The team was renamed Sunkist Juice Lovers in the Second Conference. Coach Nic Jorge was replaced by former U-Tex import Glenn McDonald, who saw action for two games before resuming to full-time coaching. McDonald he gave his spot to one-time CDCP import Ronald McCoy, who only played one game and was replaced by Maurice Williams, a seventh-round draft pick by the Los Angeles Lakers. The Juice Lovers were tied with San Miguel with six wins and eight losses after the eliminations. They lost to the Beermen in a playoff game for the last quarterfinals berth.

Fortune Tobacco Corporation took over from the Sanyu Group in the Open Conference and carried the name Winston Kings, now coached by basketball great Lauro Mumar.
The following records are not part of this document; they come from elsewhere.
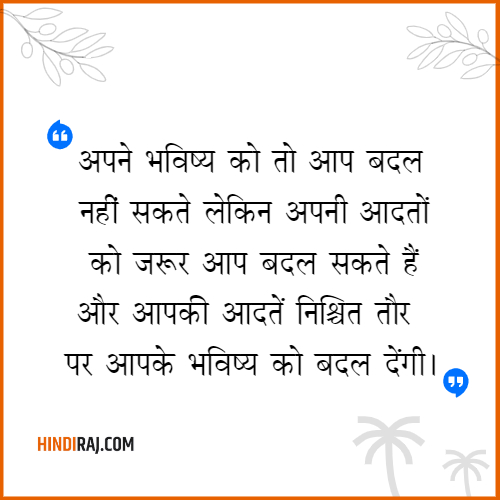 - भविष्य को तो आप बदल नहीं सकते लेकिन अपनी आदतों को जरूर आप बदल सकते हैं और आपकी आदतें निश्चित तौर पर आपके भविष्य को बदल देंगी।
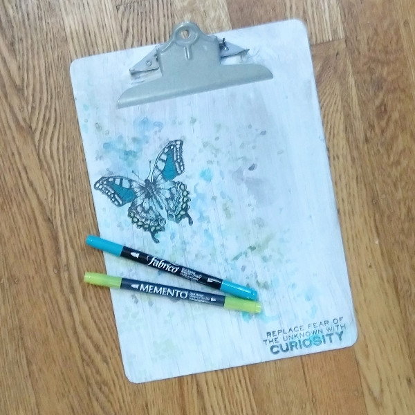 Starting out with Turquoise Gem VersaMagic Chalk Ink, press the ink pad onto a scrap piece of acetate packaging and spray with water. Then press the acetate over the butterfly to create a light blue area around the butterfly. Press the remaining color from the acetate in a diagonal line across the clipboard from the upper left corner to the lower right corner into the stamped sentiment.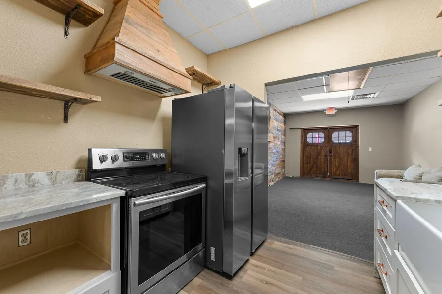 Fabulous offering with so many possible uses for this tastefully updated multi-use commercial building that includes a full (and fun) stylish apartment with beautiful finishes. Full laundry too! The hard work & remodel expense is already done - It's move in ready. If you need a work / live option you will find this ideal. Also perfect for Retail, Office, Meeting/Gathering, Medical, Dental, Resale, Booth Rentals, Show Room, Assembly & Distribution Center, Flea Market, Classes/Teaching Center, Residential expansion. Located on the prime corner with ample parking and easy access just minutes to the highway & all points of interest. Signage is here too. So much to offer at this price! See Floor Plan in Photos.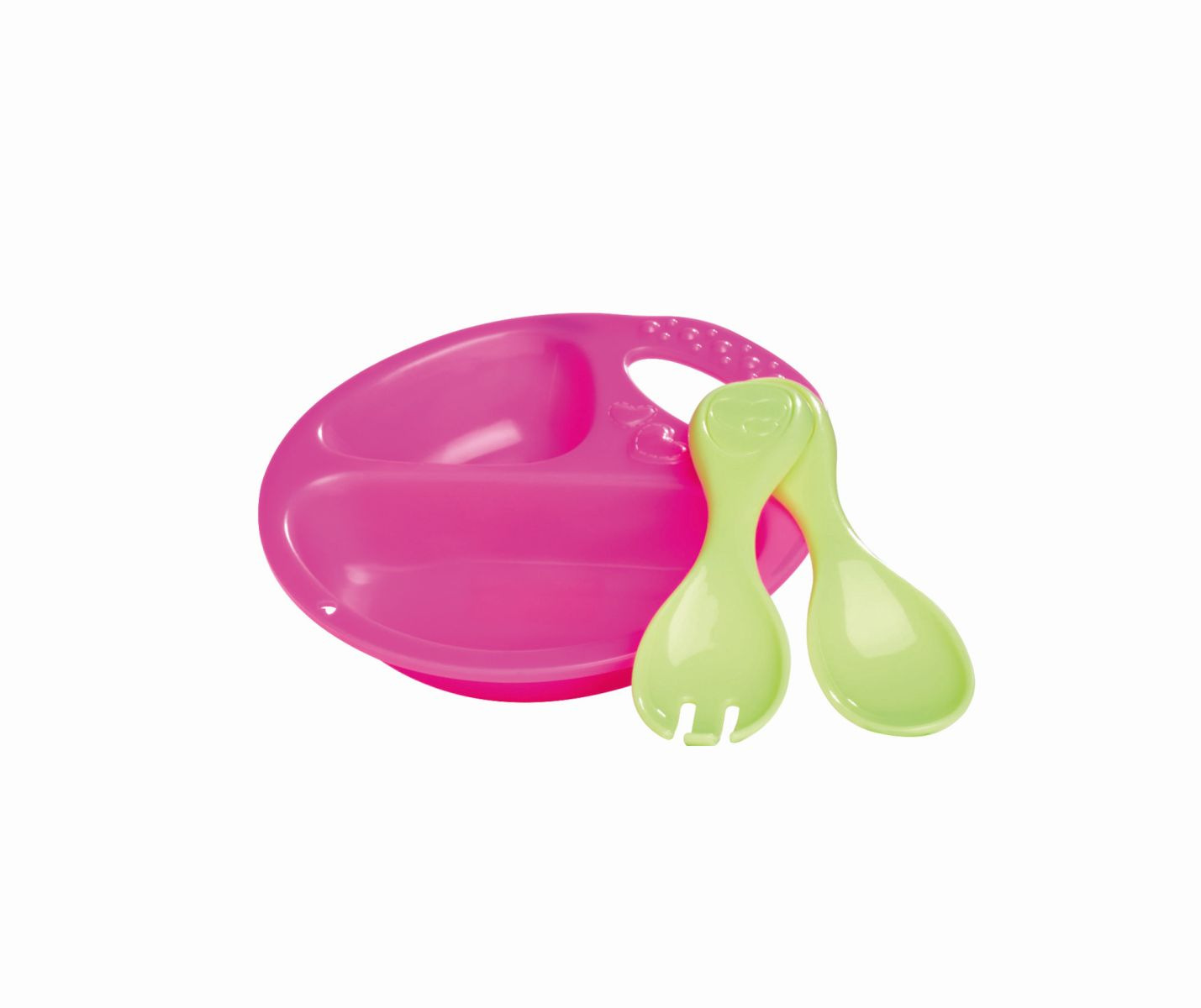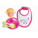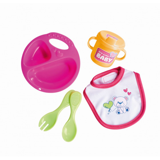 Příslušenství pro panenky obsahuje talíř, lžičku, vidličku, hrneček a bryndáček pro panenky o velikosti 30-43 cm. Celkem 5 ks.

The Kings started out with the returning Darryl Smith, who played for Great Taste back in 1979, and Eddie Roberson as their imports. After two games, both were replaced by former Gilbey's Gin import Larry McNeill and Maurice Williams, who was called back after playing 12 games with Sunkist in the previous conference. Winston ended up last with five wins and nine losses with one of their victories best remembered for the scoring record made by Larry McNeill, hitting 88 points against Great Taste.

==Scoring record==
October 25: Larry McNeill set an all-time high for most points in the game by scoring 88 points in Winston' 167-163 overtime victory over Great Taste. The 88-point total output broke the previous record of 85 made by Lew Massey of Gilbey's a year before.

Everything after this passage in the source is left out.